__What you need to do__. Repeat the lines of the data exactly and exclude any picture among them.

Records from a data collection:
══════
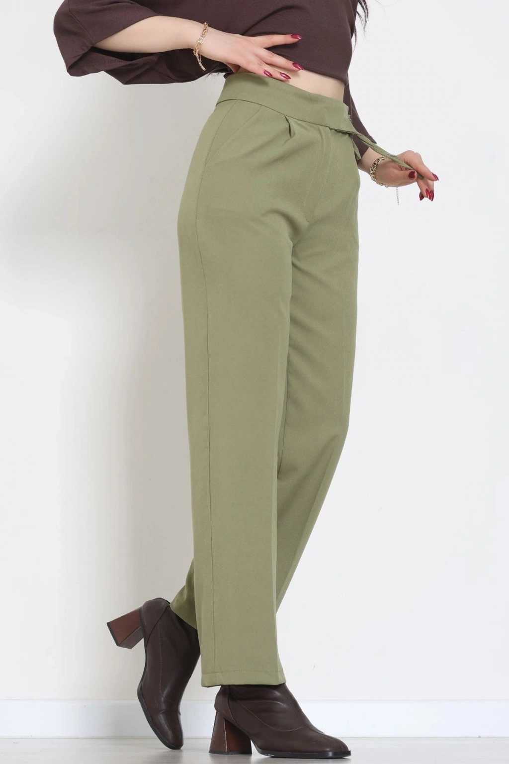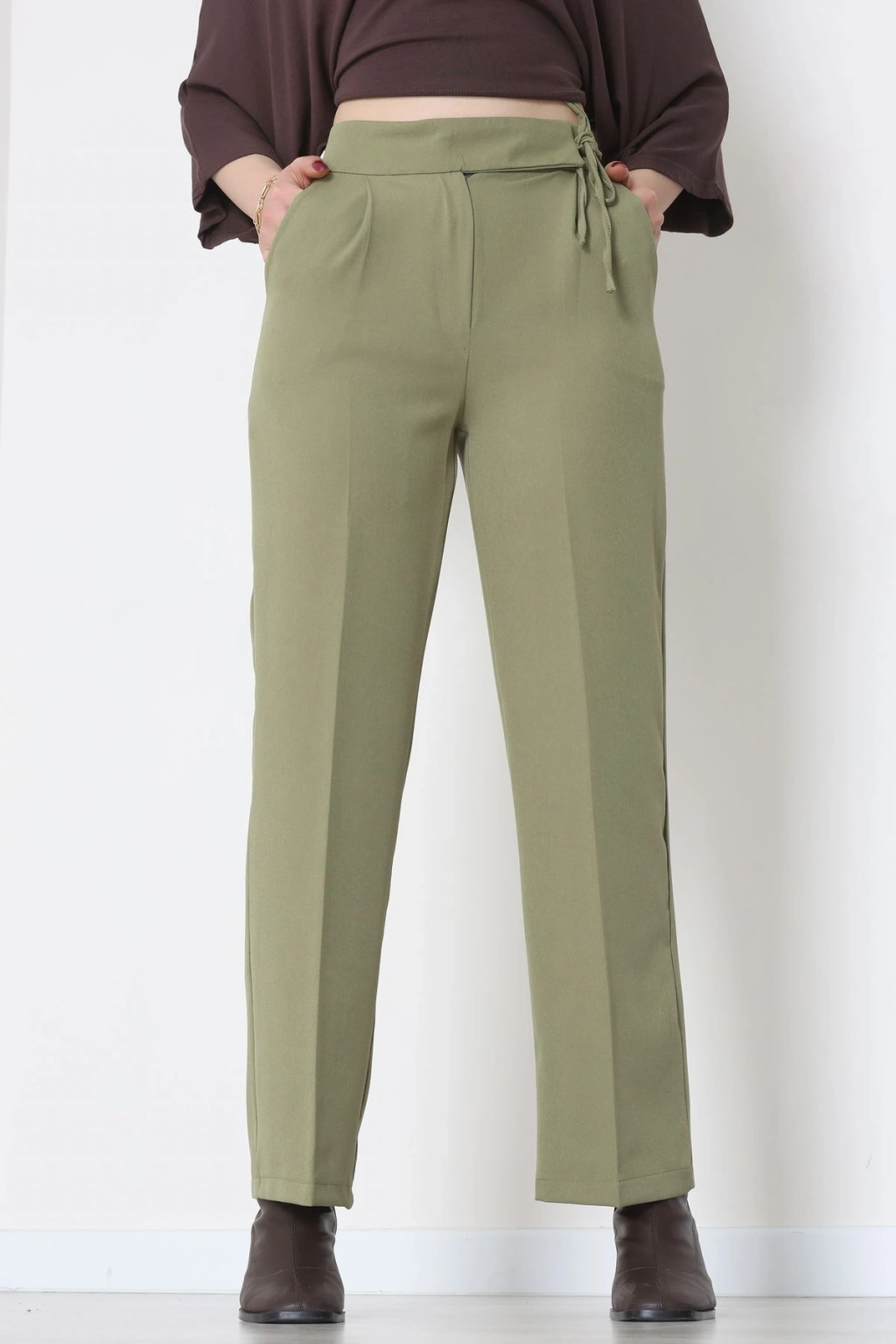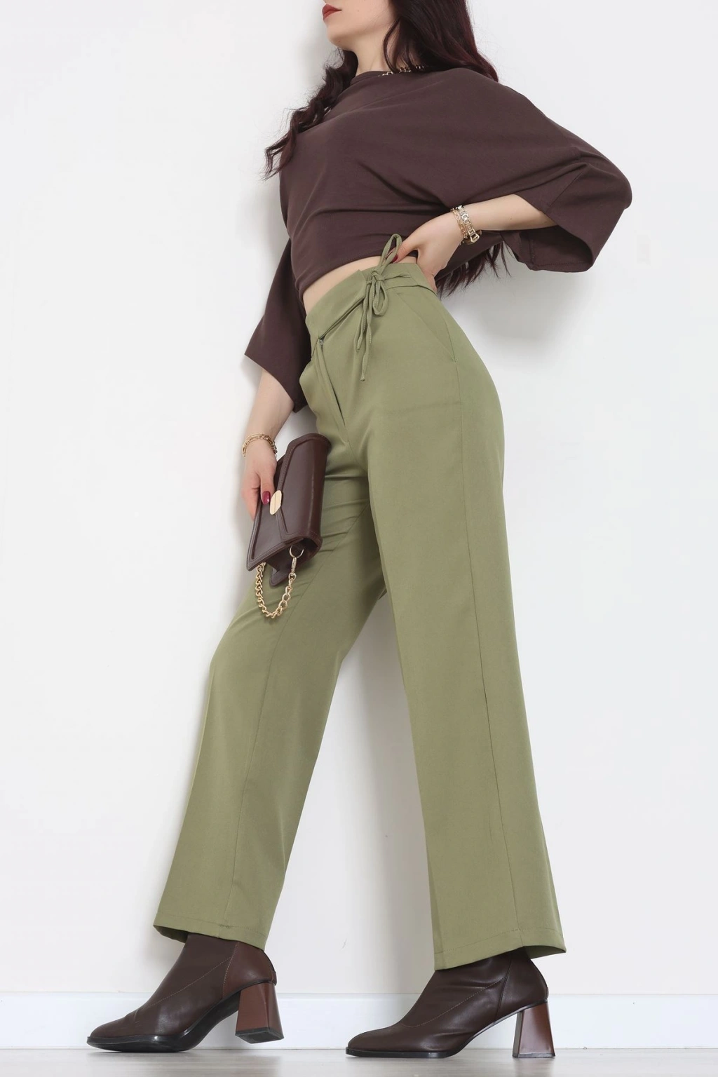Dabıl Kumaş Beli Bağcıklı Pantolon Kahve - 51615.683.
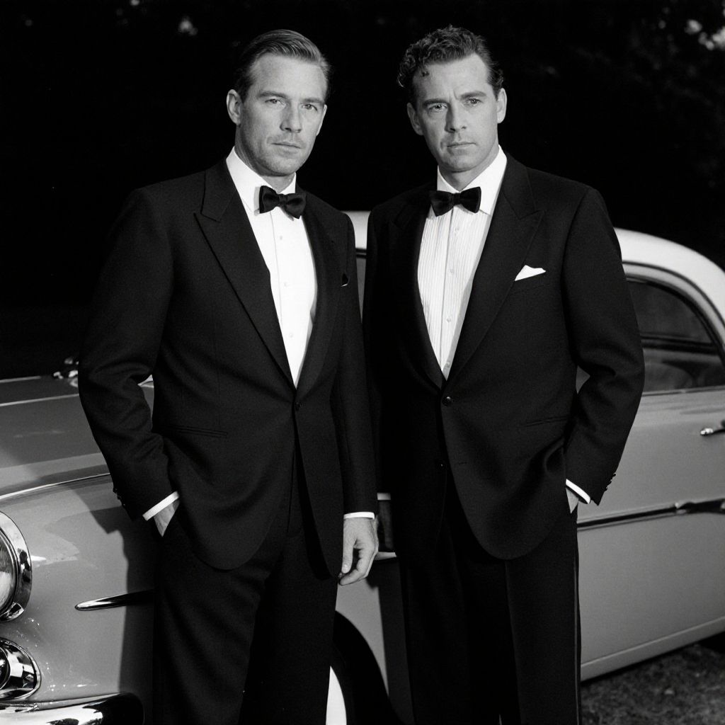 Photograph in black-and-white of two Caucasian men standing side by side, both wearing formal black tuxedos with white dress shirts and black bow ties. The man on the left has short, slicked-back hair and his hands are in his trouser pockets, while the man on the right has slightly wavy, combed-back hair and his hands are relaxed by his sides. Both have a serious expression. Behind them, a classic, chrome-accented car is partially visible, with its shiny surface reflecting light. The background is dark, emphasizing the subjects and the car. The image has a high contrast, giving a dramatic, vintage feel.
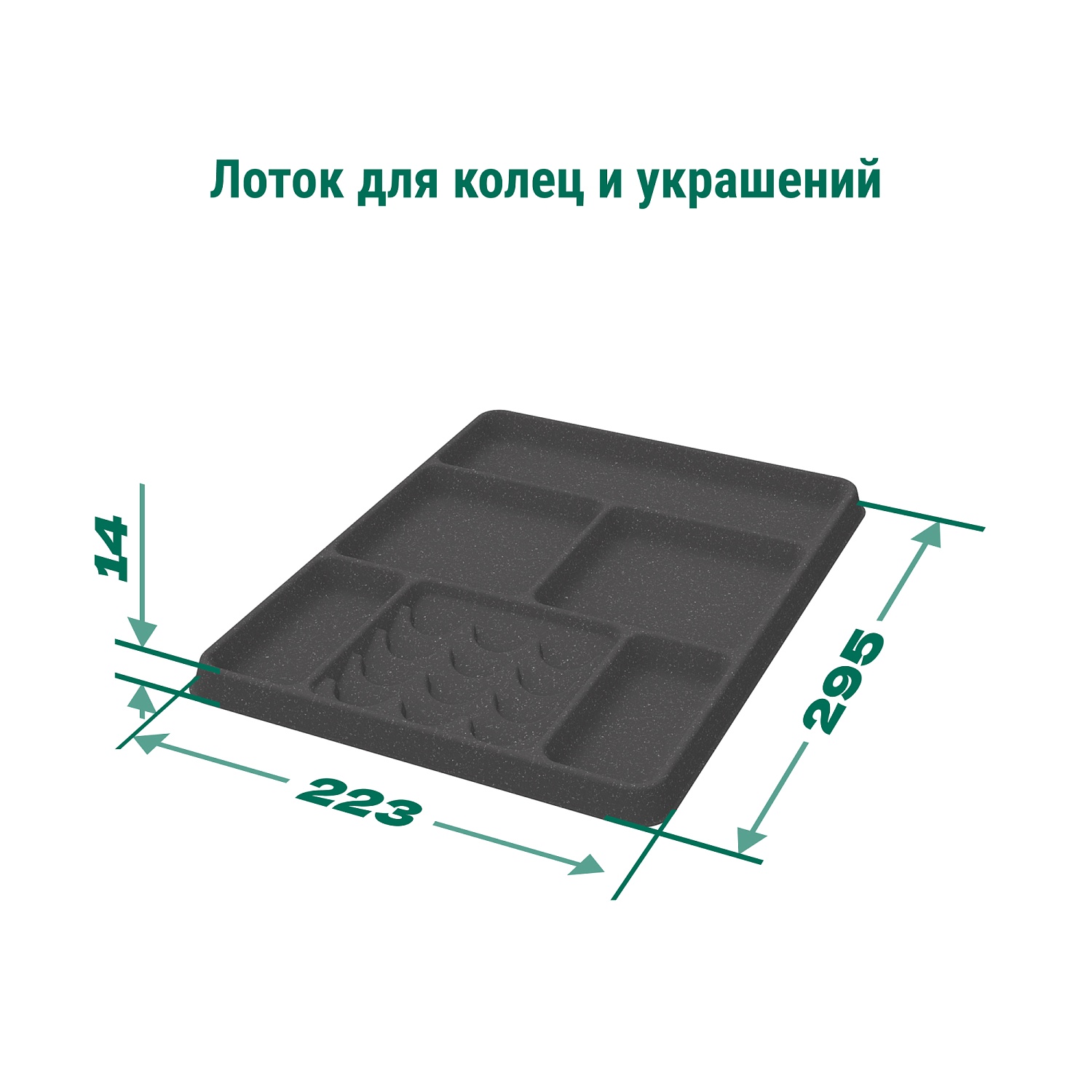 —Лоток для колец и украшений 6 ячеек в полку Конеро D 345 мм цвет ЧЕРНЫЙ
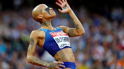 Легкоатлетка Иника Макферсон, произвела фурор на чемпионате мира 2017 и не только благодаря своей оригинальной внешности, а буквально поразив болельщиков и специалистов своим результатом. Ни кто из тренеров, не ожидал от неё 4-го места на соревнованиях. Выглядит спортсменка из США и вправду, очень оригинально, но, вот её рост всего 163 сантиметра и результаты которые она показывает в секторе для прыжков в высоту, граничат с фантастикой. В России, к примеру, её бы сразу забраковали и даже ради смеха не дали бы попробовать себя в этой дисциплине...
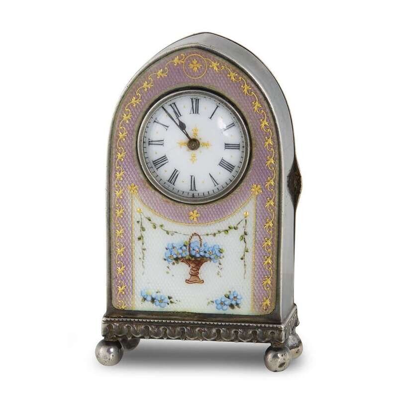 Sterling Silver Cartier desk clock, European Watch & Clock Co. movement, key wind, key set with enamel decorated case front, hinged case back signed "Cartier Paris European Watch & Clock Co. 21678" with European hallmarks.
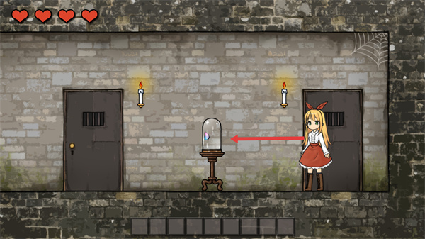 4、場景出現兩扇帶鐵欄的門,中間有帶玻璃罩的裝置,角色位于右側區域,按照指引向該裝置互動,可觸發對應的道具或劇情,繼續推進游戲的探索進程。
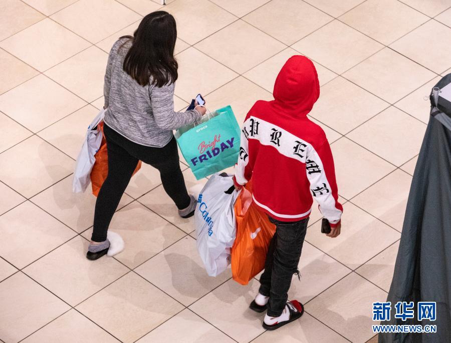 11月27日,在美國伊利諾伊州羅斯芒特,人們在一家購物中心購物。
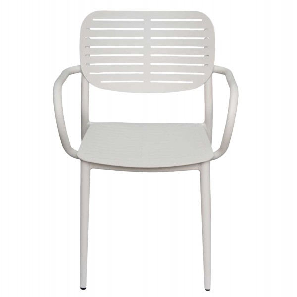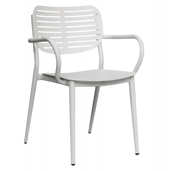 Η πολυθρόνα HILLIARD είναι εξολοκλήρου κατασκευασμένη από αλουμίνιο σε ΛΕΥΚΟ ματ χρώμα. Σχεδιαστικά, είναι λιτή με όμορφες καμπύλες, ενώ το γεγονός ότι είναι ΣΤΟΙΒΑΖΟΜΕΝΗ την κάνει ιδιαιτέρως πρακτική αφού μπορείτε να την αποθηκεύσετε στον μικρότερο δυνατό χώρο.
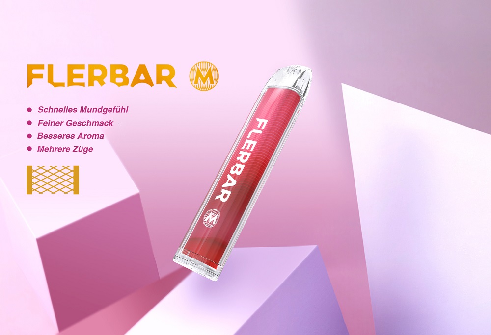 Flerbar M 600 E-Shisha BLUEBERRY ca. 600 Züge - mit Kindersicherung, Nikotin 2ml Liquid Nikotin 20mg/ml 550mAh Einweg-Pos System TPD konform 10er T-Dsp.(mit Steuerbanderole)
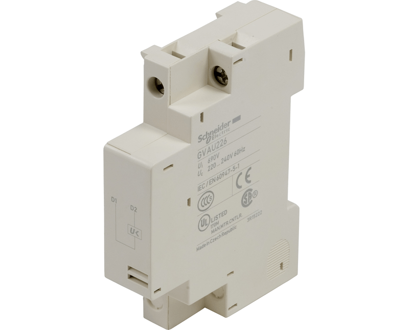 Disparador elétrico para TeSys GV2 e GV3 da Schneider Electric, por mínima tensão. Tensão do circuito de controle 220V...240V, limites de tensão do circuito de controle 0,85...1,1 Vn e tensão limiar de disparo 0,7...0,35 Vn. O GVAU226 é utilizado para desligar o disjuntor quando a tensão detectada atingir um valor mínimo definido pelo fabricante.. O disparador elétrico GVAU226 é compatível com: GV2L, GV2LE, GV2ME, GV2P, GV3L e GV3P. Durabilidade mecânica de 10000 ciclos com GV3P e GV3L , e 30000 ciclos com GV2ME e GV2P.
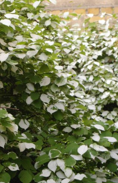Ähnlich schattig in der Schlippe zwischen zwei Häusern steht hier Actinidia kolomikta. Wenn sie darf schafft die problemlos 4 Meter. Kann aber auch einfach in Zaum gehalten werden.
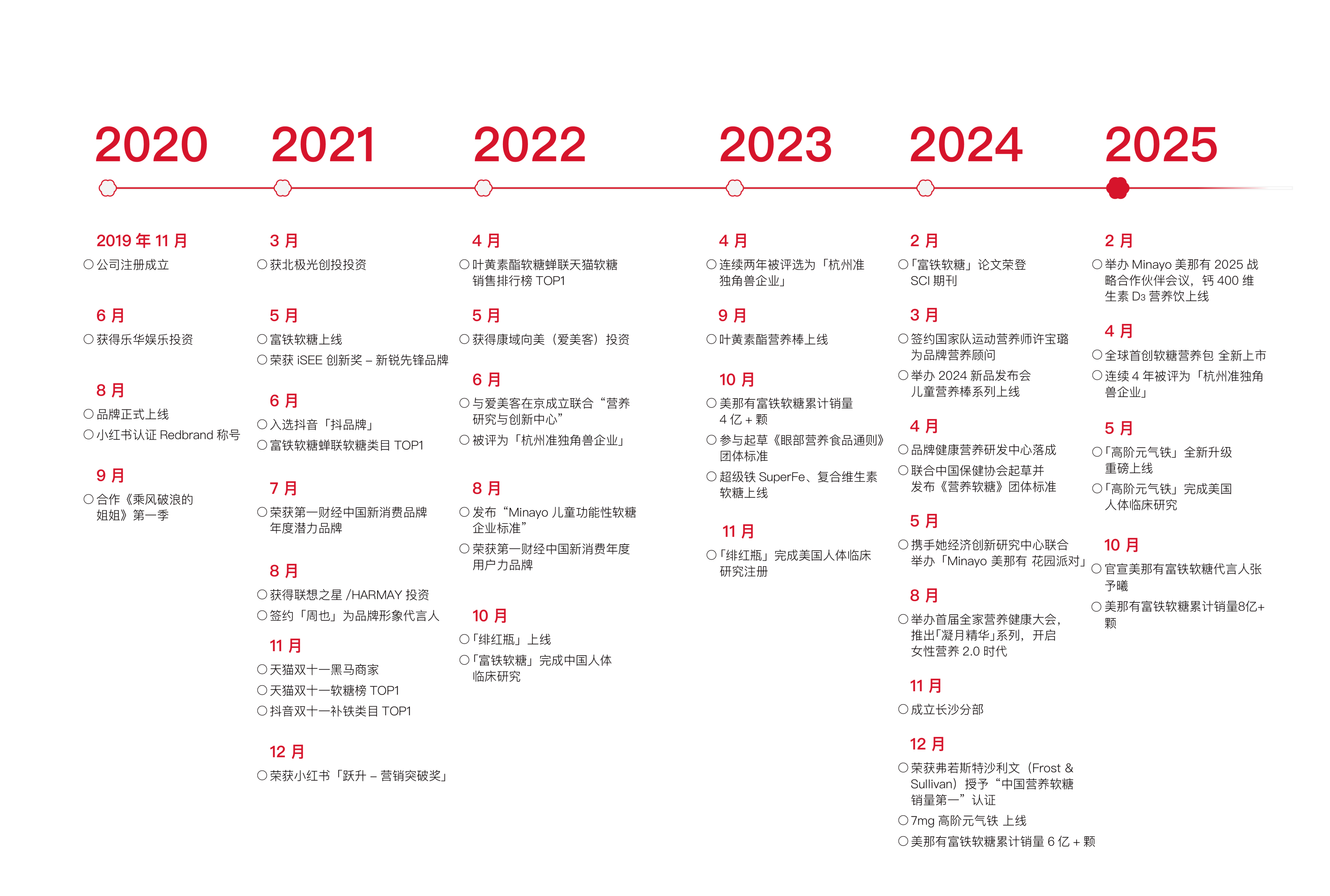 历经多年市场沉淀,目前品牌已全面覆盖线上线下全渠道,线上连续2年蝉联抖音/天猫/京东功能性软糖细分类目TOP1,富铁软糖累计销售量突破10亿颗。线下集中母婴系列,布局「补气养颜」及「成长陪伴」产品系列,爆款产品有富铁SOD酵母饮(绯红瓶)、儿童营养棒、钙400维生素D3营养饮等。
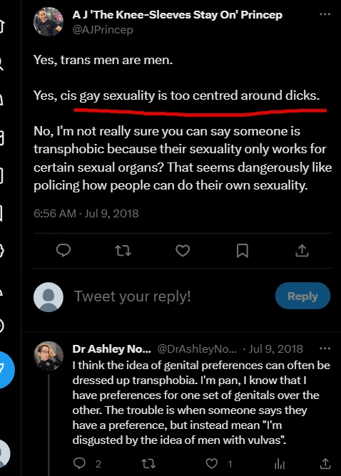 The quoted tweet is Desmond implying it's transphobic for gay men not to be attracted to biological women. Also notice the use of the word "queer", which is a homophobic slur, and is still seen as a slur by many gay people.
══════
__Response to the task__.
Dabıl Kumaş Beli Bağcıklı Pantolon Kahve - 51615.683.
 Photograph in black-and-white of two Caucasian men standing side by side, both wearing formal black tuxedos with white dress shirts and black bow ties. The man on the left has short, slicked-back hair and his hands are in his trouser pockets, while the man on the right has slightly wavy, combed-back hair and his hands are relaxed by his sides. Both have a serious expression. Behind them, a classic, chrome-accented car is partially visible, with its shiny surface reflecting light. The background is dark, emphasizing the subjects and the car. The image has a high contrast, giving a dramatic, vintage feel.
 —Лоток для колец и украшений 6 ячеек в полку Конеро D 345 мм цвет ЧЕРНЫЙ
 Легкоатлетка Иника Макферсон, произвела фурор на чемпионате мира 2017 и не только благодаря своей оригинальной внешности, а буквально поразив болельщиков и специалистов своим результатом. Ни кто из тренеров, не ожидал от неё 4-го места на соревнованиях. Выглядит спортсменка из США и вправду, очень оригинально, но, вот её рост всего 163 сантиметра и результаты которые она показывает в секторе для прыжков в высоту, граничат с фантастикой. В России, к примеру, её бы сразу забраковали и даже ради смеха не дали бы попробовать себя в этой дисциплине...
 Sterling Silver Cartier desk clock, European Watch & Clock Co. movement, key wind, key set with enamel decorated case front, hinged case back signed "Cartier Paris European Watch & Clock Co. 21678" with European hallmarks.
 4、場景出現兩扇帶鐵欄的門,中間有帶玻璃罩的裝置,角色位于右側區域,按照指引向該裝置互動,可觸發對應的道具或劇情,繼續推進游戲的探索進程。
 11月27日,在美國伊利諾伊州羅斯芒特,人們在一家購物中心購物。
 Η πολυθρόνα HILLIARD είναι εξολοκλήρου κατασκευασμένη από αλουμίνιο σε ΛΕΥΚΟ ματ χρώμα. Σχεδιαστικά, είναι λιτή με όμορφες καμπύλες, ενώ το γεγονός ότι είναι ΣΤΟΙΒΑΖΟΜΕΝΗ την κάνει ιδιαιτέρως πρακτική αφού μπορείτε να την αποθηκεύσετε στον μικρότερο δυνατό χώρο.
 Flerbar M 600 E-Shisha BLUEBERRY ca. 600 Züge - mit Kindersicherung, Nikotin 2ml Liquid Nikotin 20mg/ml 550mAh Einweg-Pos System TPD konform 10er T-Dsp.(mit Steuerbanderole)
 Disparador elétrico para TeSys GV2 e GV3 da Schneider Electric, por mínima tensão. Tensão do circuito de controle 220V...240V, limites de tensão do circuito de controle 0,85...1,1 Vn e tensão limiar de disparo 0,7...0,35 Vn. O GVAU226 é utilizado para desligar o disjuntor quando a tensão detectada atingir um valor mínimo definido pelo fabricante.. O disparador elétrico GVAU226 é compatível com: GV2L, GV2LE, GV2ME, GV2P, GV3L e GV3P. Durabilidade mecânica de 10000 ciclos com GV3P e GV3L , e 30000 ciclos com GV2ME e GV2P.
Ähnlich schattig in der Schlippe zwischen zwei Häusern steht hier Actinidia kolomikta. Wenn sie darf schafft die problemlos 4 Meter. Kann aber auch einfach in Zaum gehalten werden.
 历经多年市场沉淀,目前品牌已全面覆盖线上线下全渠道,线上连续2年蝉联抖音/天猫/京东功能性软糖细分类目TOP1,富铁软糖累计销售量突破10亿颗。线下集中母婴系列,布局「补气养颜」及「成长陪伴」产品系列,爆款产品有富铁SOD酵母饮(绯红瓶)、儿童营养棒、钙400维生素D3营养饮等。
 The quoted tweet is Desmond implying it's transphobic for gay men not to be attracted to biological women. Also notice the use of the word "queer", which is a homophobic slur, and is still seen as a slur by many gay people.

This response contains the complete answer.